Turkey is resuming its distance learning education system as of Nov. 20 until Jan. 4 of the next year, the country's national education minister announced Wednesday.
After the country's decision to impose partial curfews, Ziya Selçuk made a statement detailing implementation of distance education in line with the decision taken at a Presidential Cabinet meeting on Tuesday.
Selçuk stated that no in-person exams will be held until Dec. 31 and that the exams will be carried out according to the course of the pandemic.
The statement said no in-person education will be given in pre-schools, kindergartens, primary schools, secondary schools, high schools, special education schools, applied courses in vocational high schools and special education courses.
Selçuk emphasized that remote learning will continue through national broadcaster TRT's Education Information Network (EBA) channels and live courses, while all teachers can carry out live lessons through EBA.
He stated that 812 teachers who work in 112 different fields presented 1,653 video lessons to EBA for 18 million students in kindergartens, primary schools, secondary schools and high schools.
He stated that lecture broadcasts will continue to be displayed on the screen three times a day to allow students to catch up on their lessons they have missed.
Selçuk reminded that 60,000 tablet computers sent by public institutions and organizations, local administrations, private sector organizations and civil initiatives are delivered to students in line with the distribution strategy based on the priority needs.
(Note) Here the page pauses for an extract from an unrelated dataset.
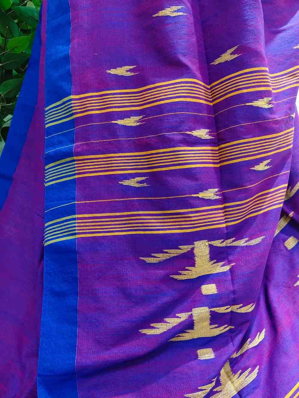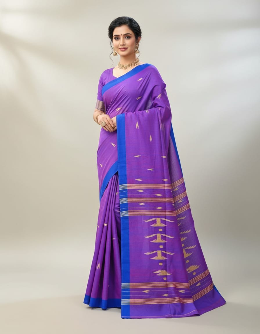 Blend comfort with contemporary style in our Pure Cotton Suti Saree in Purple Color. Woven from soft, breathable pure cotton, this saree offers a relaxed yet polished look that's perfect for everyday wear. The unique purple Color brings a modern twist to a classic drape, making it ideal for casual outings, office wear, or day events. Its lightweight texture and easy flow ensure all-day comfort while keeping your style effortlessly elegant and fresh.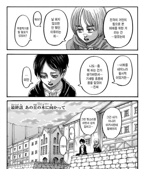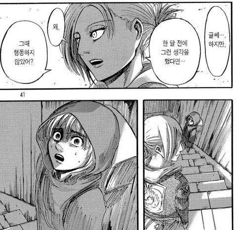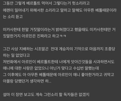 이 외에도 더 많은 떡밥 있는데 __메가 음흉하게 아르민>애니 감정선을 대놓고 안보여줌.. 1부때부터 서사 쌓아온거 보면 만들기 전부터 계획한거같은데 정확한 장면을 안보여줘서 조카 답답함ㅅㅂ 근데 그렇다고 베뇌점은 진짜 아님

"We will deliver 30,000 tablets to our students within 10 days. The procurement process of 500,000 tablet computers that will be distributed is completed and we will have them delivered to our students by the end of the year," Selçuk said.
Selçuk stated that EBA had earned the title of the world's most visited education website with 9.1 billion clicks with more than 1,700 lessons and over 40,000 rich, reliable and interactive content.
Turkey had begun airing broadcast school lessons as of March 23 as part of distance learning measures to prevent the spread of the virus.
The country registered 4,215 more COVID-19 patients on Wednesday, with overall infection count now standing at 425,628 patients.
As many as 2,592 patients also recovered in the last day, pushing the tally to 361,655, while the death toll rose by 116 to hit 11,820.